Intervensi yang akan dilakukan pada wali murid ialah dengan memberikan
psikoedukasi. Dimana kegiatan dari psikoedukasi ialah terdapat beberapa kegiatan
pendidikan dan kegiatan seperti konseling dan intervensi mendukung intervensi
termasuk pemberian informasi tentang pengobatan, gejala, sumber daya, dan
layanan pelatihan untuk memberikan perawatan dan mengatasi masalah terkait
penyakit serta strategi penyelesaian masalah. Wali kelas dan praktikan berdiskusi
terkait permasalahan yang dialami oleh subyek, memberikan pengetahuan terkait
Speech Sound Disorder, memberikan pengetahuan terkait penanganan pada anak
Speech Sound Disorder, dan memberikan pengetahuan terkait intervensi yang
akan dilakukan oleh wali kelas untuk menunjang atau membantu praktikan dan
klien dalam menyelesaikan permasalahan yang dialami oleh klien.
DAFTAR PUSTAKA
American Psychiatric Association. 2013. Diagnostic and Statistical Manual of Mental Disorder
DSM 5. Washington DC : American Psychiatric Publishing. Fifth Edition.

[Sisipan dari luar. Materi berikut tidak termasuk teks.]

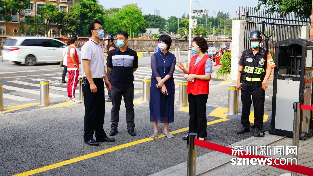 南山區(qū)委教育工委書記馬穎麗來到陽光小學(xué),了解學(xué)校的復(fù)學(xué)情況。在校領(lǐng)導(dǎo)的帶領(lǐng)下,馬書記參觀了食堂,并去到學(xué)校4-6年級(jí)的每一間教室,重點(diǎn)關(guān)注了孩子們?cè)诩疫M(jìn)行“空中課堂”的學(xué)習(xí)情況、復(fù)學(xué)第一天的心情感受、這段時(shí)間的心理狀態(tài)等;細(xì)微之處,馬書記還關(guān)注到了孩子的握筆姿勢(shì)、上課坐姿、書包重量等。在巡視過程中,馬書記對(duì)陽光小學(xué)的防疫環(huán)境創(chuàng)設(shè)、教室的良好通風(fēng)配置、走廊的定崗教師安排等細(xì)節(jié),也給予了肯定。

Murhanjati, J.A., Sumijati, Sri.,Primastuti, Emiliana. 2017. Efek Penerapan Terapi Core
Vocabulary Terhadap Peningkatan Kemampuan Pengucapan Kata Pada Anak Dengan
Speech Sound Disorder. Prosiding Temu Ilmiah X Ikatan Psikologi Perkembangan
Indonesia. Peran Psikologi Perkembangan dalam Penumbuhan Humanistik pada Era
Digital 22-24 Agustus 2017. Hotel Grasia, Semarang. Universitas Katolik Soegijapranata.